(Data to process)

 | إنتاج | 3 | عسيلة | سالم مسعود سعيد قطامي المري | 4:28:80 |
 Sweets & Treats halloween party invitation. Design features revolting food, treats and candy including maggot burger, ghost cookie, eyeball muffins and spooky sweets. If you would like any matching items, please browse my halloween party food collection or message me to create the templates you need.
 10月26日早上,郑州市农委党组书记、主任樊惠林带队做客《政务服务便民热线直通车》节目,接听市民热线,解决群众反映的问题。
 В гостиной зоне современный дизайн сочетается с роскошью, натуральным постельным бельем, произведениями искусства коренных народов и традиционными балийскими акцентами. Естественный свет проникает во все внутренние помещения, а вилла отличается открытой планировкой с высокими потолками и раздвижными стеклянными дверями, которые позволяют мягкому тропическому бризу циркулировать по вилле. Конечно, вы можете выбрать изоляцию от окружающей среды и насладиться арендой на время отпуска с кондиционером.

(End Data to process)
(Data to process)

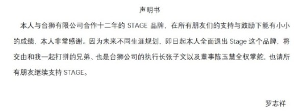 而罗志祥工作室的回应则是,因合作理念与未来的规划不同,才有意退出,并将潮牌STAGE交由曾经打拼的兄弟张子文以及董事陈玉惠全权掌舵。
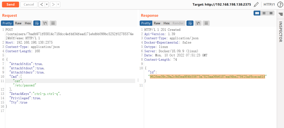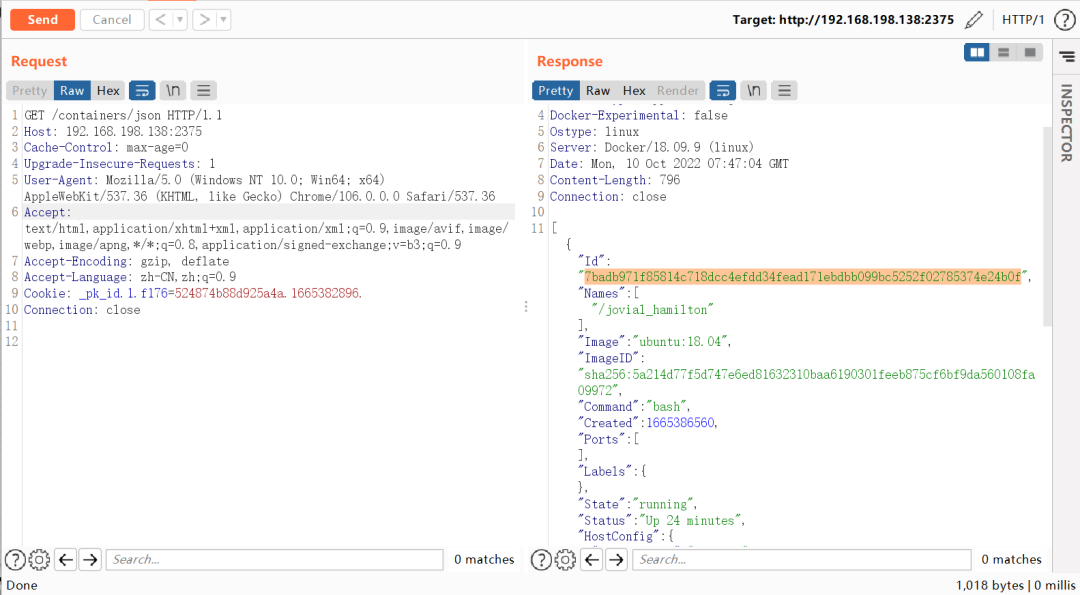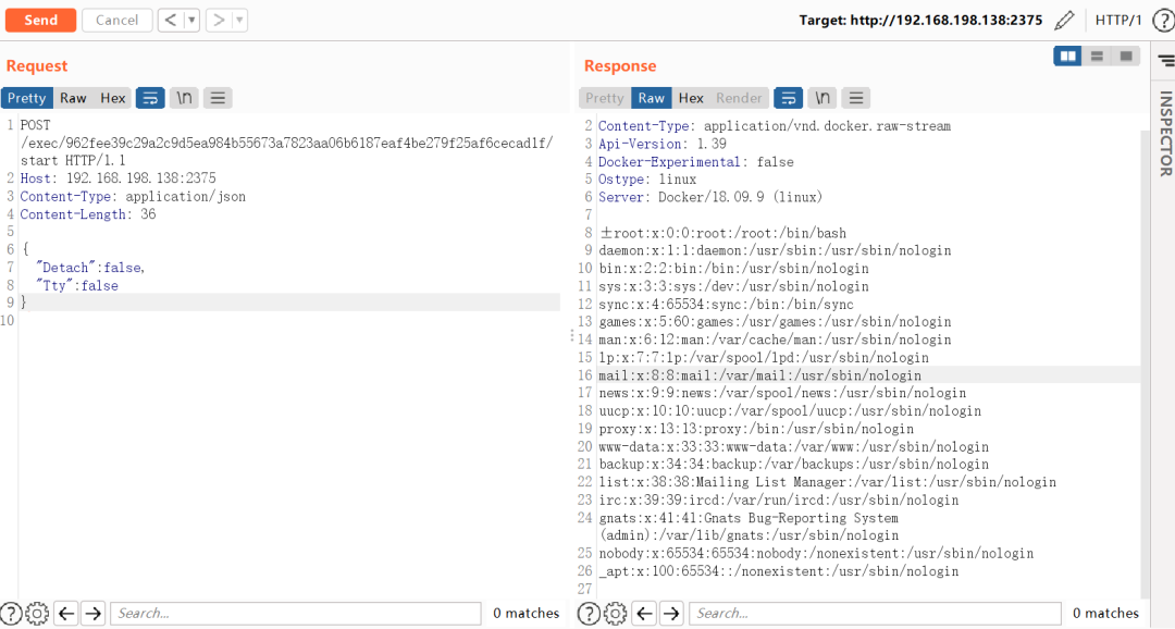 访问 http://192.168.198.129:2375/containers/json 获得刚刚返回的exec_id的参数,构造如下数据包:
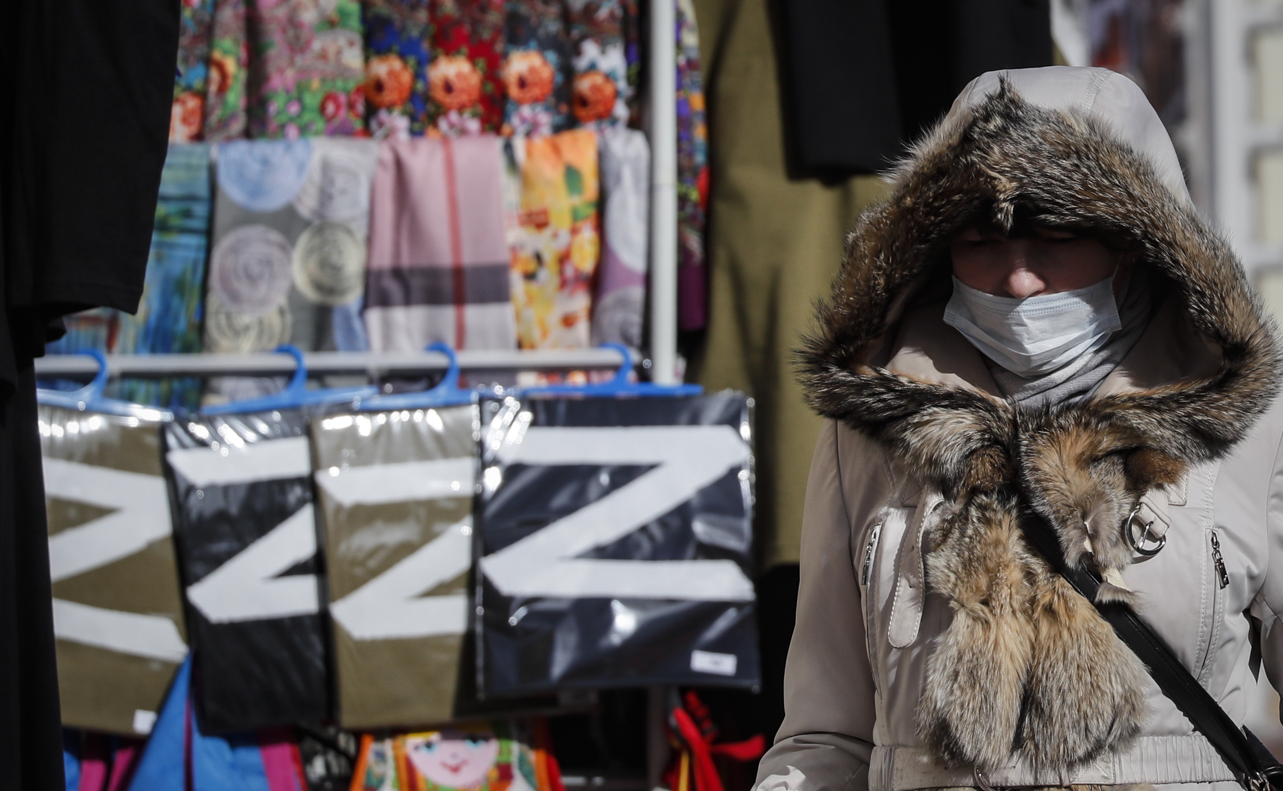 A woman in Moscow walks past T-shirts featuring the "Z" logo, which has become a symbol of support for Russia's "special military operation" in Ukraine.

(End Data to process)

> _Exercise details_:
Looking at the records above, return exactly the lines from the line with "المري | 4:28:80 |" to the line with "В гостиной зоне", both ends included.

> _Exercise output_:
 | إنتاج | 3 | عسيلة | سالم مسعود سعيد قطامي المري | 4:28:80 |
 Sweets & Treats halloween party invitation. Design features revolting food, treats and candy including maggot burger, ghost cookie, eyeball muffins and spooky sweets. If you would like any matching items, please browse my halloween party food collection or message me to create the templates you need.
 10月26日早上,郑州市农委党组书记、主任樊惠林带队做客《政务服务便民热线直通车》节目,接听市民热线,解决群众反映的问题。
 В гостиной зоне современный дизайн сочетается с роскошью, натуральным постельным бельем, произведениями искусства коренных народов и традиционными балийскими акцентами. Естественный свет проникает во все внутренние помещения, а вилла отличается открытой планировкой с высокими потолками и раздвижными стеклянными дверями, которые позволяют мягкому тропическому бризу циркулировать по вилле. Конечно, вы можете выбрать изоляцию от окружающей среды и насладиться арендой на время отпуска с кондиционером.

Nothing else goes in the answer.